(Full text of Dissertation in PDF, 982KB)

PhD Dissertation Abstract

Models of speech production have historically assumed that phoneme targets are represented as points in a planning space of vocal tract constrictions. However, recent evidence suggests that speakers may utilize an acoustic-like space in the planning of articulator movements for vowel and consonant production. This thesis demonstrates the feasibility of using acoustic planning spaces for the production of vowel sounds in DIVA, a computational neural model of motor-equivalent vowel production. Two acoustic planning spaces are studied, a planning space based on formant frequencies and a planning space based on a wavelet decomposition of the speech spectrum. The successful implementation of the formant planning space proves that articulatory control based on formants is practical and does not suffer from inherent nonlinearities in the inverse kinematic map between desired formant movements and corresponding movements of the vocal articulators.
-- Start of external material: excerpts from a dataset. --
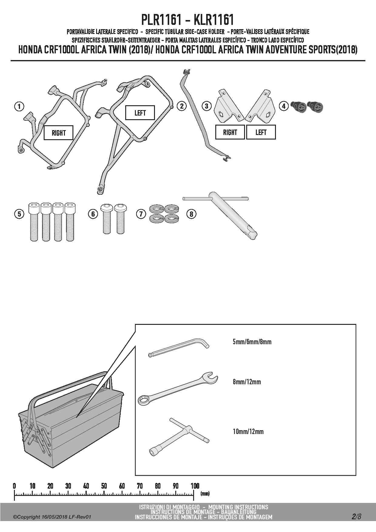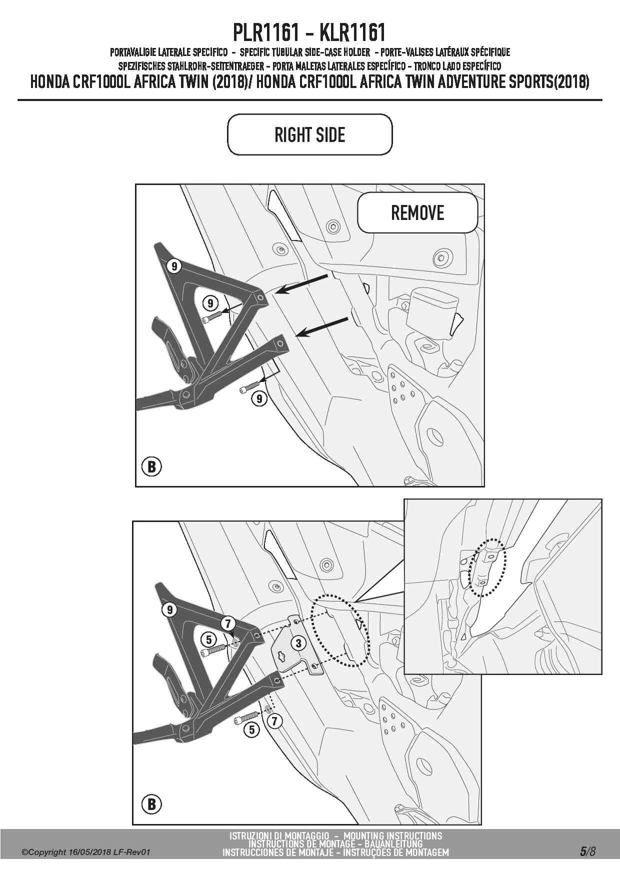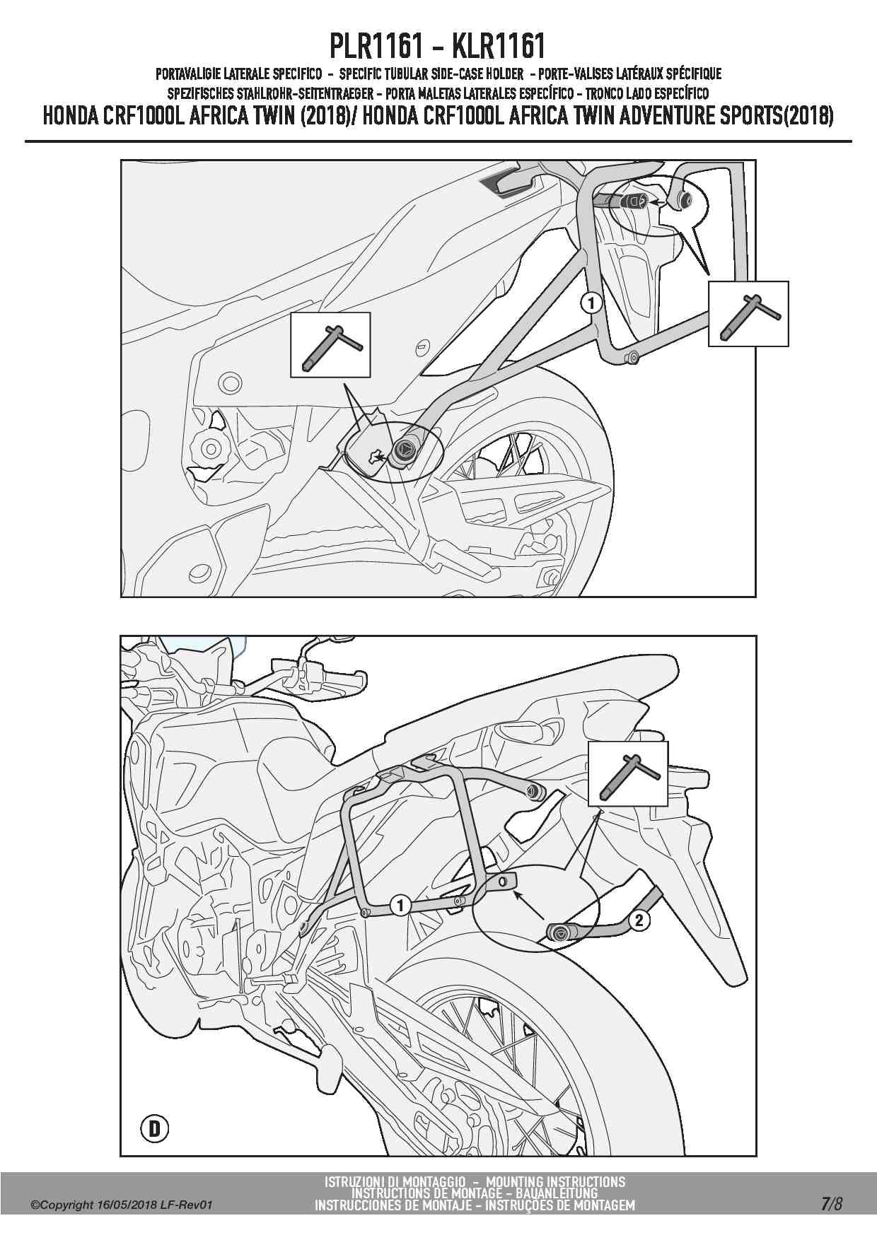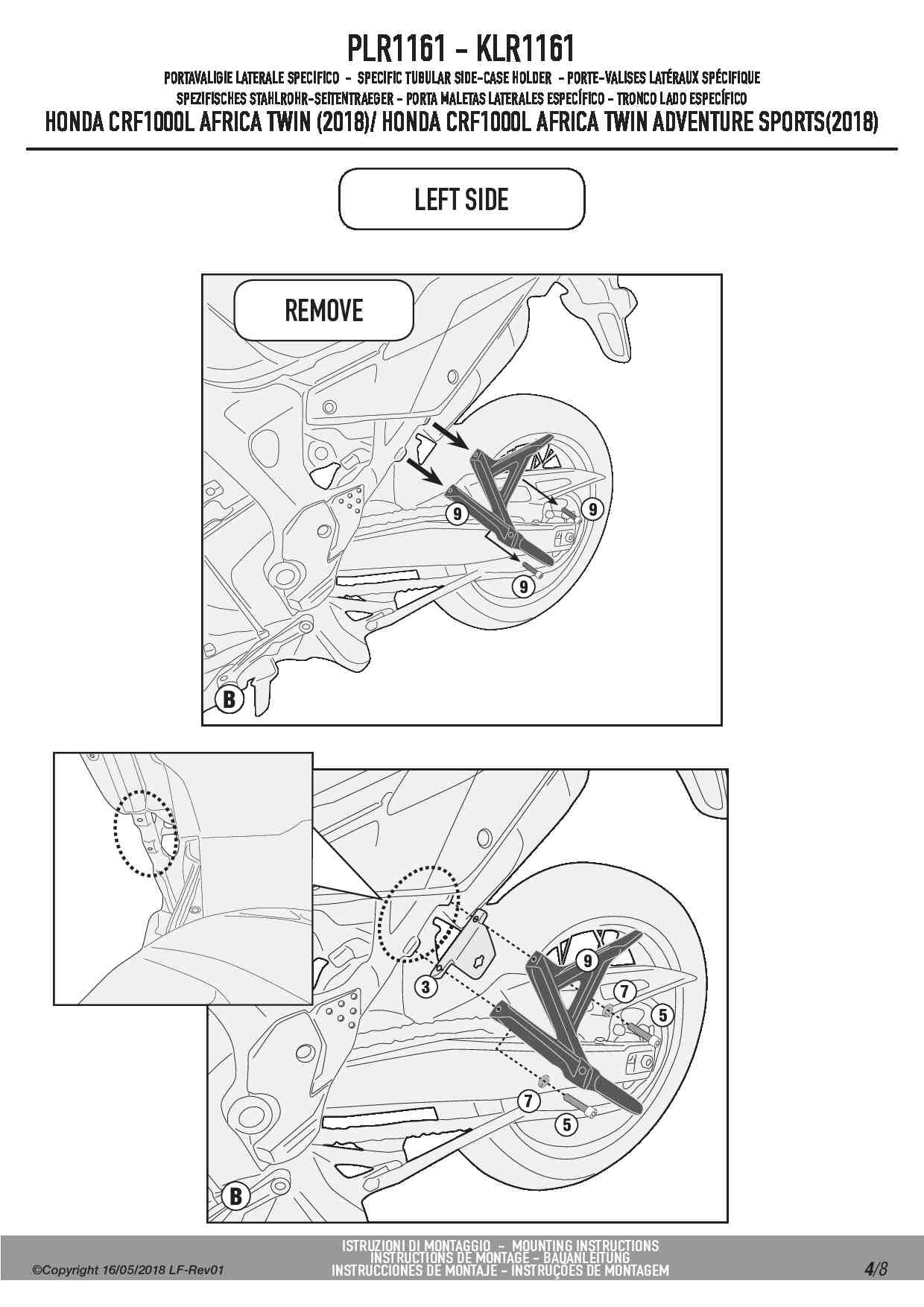 Dodatkowe adnotacje do stelaży bocznych Givi PLR1161:
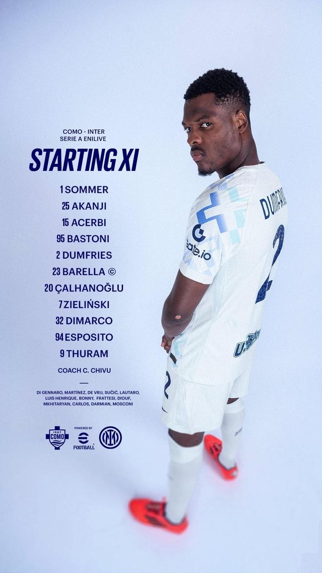 国际米兰首发:1-索默、25-阿坎吉、15-阿切尔比、95-巴斯托尼、2-邓弗里斯、23-巴雷拉、20-恰尔汗奥卢、7-泽林斯基、32-迪马尔科、94-皮奥-埃斯波西托、9-马库斯-图拉姆
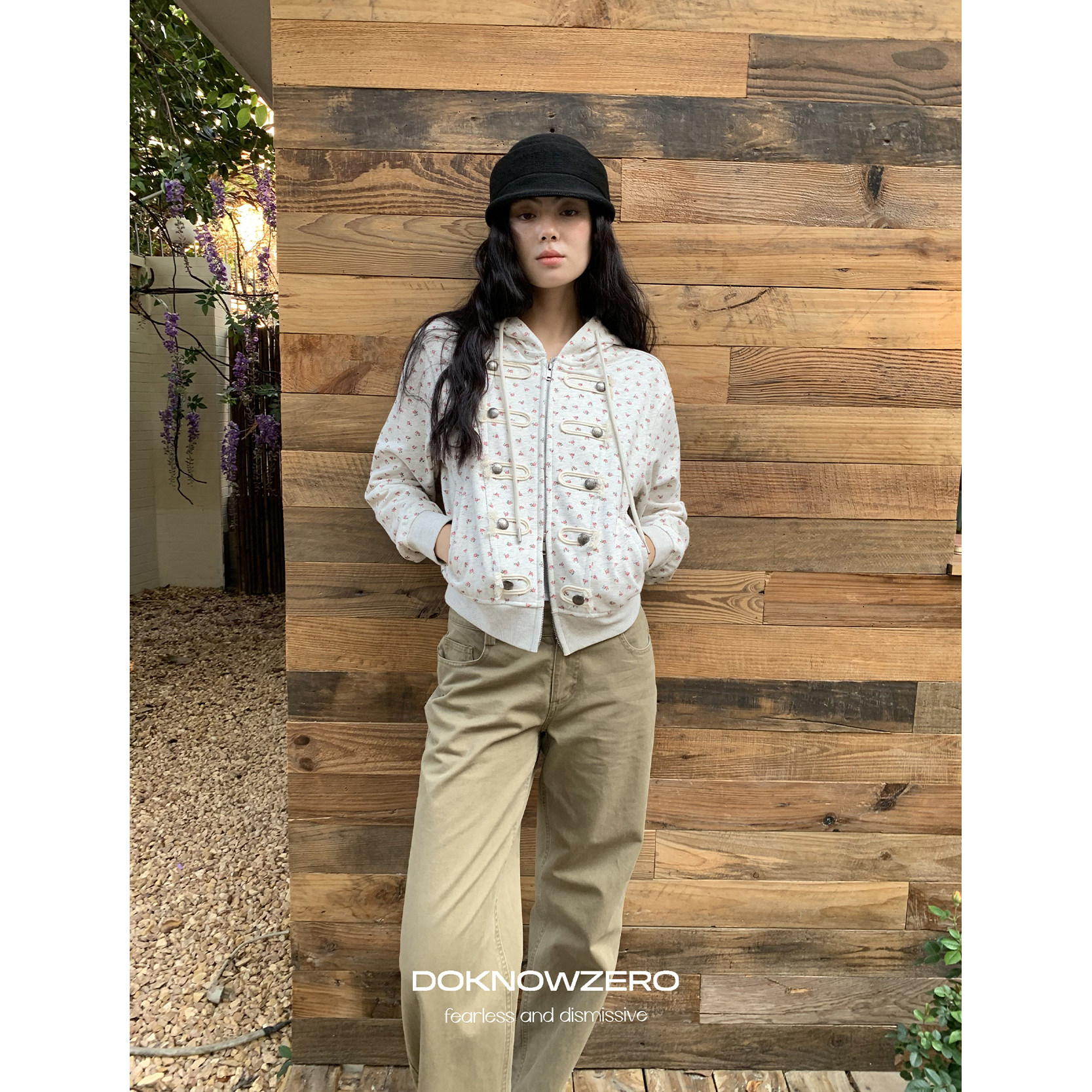 DKZ 骑士感卫衣开衫外套女春季新款短款碎花印花上衣

However, formant-based models leave a number of issues unresolved, and several researchers have suggested that the gross shape of the vowel spectrum may correlate more closely with vowel perception data. Recent physiological studies suggest that the peripheral auditory system computes the log magnitude spectrum of a steady vowel, and that the representation in primary auditory cortex is similar to a wavelet decomposition of this spectrum. Based on these psychophysical and physiological results, the thesis proposes a model of vowel production based on a wavelet expansion of the log magnitude spectrum of the target vowel. The model employs an orthonormal set of wavelet basis functions which spans the space of possible vowel spectra. The wavelet-auditory planning space dimensions correspond to the coefficients in the wavelet expansion of the spectrum, and vowel targets are assumed to be connected regions in this space. In addition to support from the physiological literature, this model has a number of advantages over formant-based vowel production models, including simpler computation of the spectral parameters and better approximations of gross spectral shape. Also, the wavelet-auditory planning space is used to explain the spectral center of gravity effect, in which formant clusters are averaged into a single formant peak during vowel perception.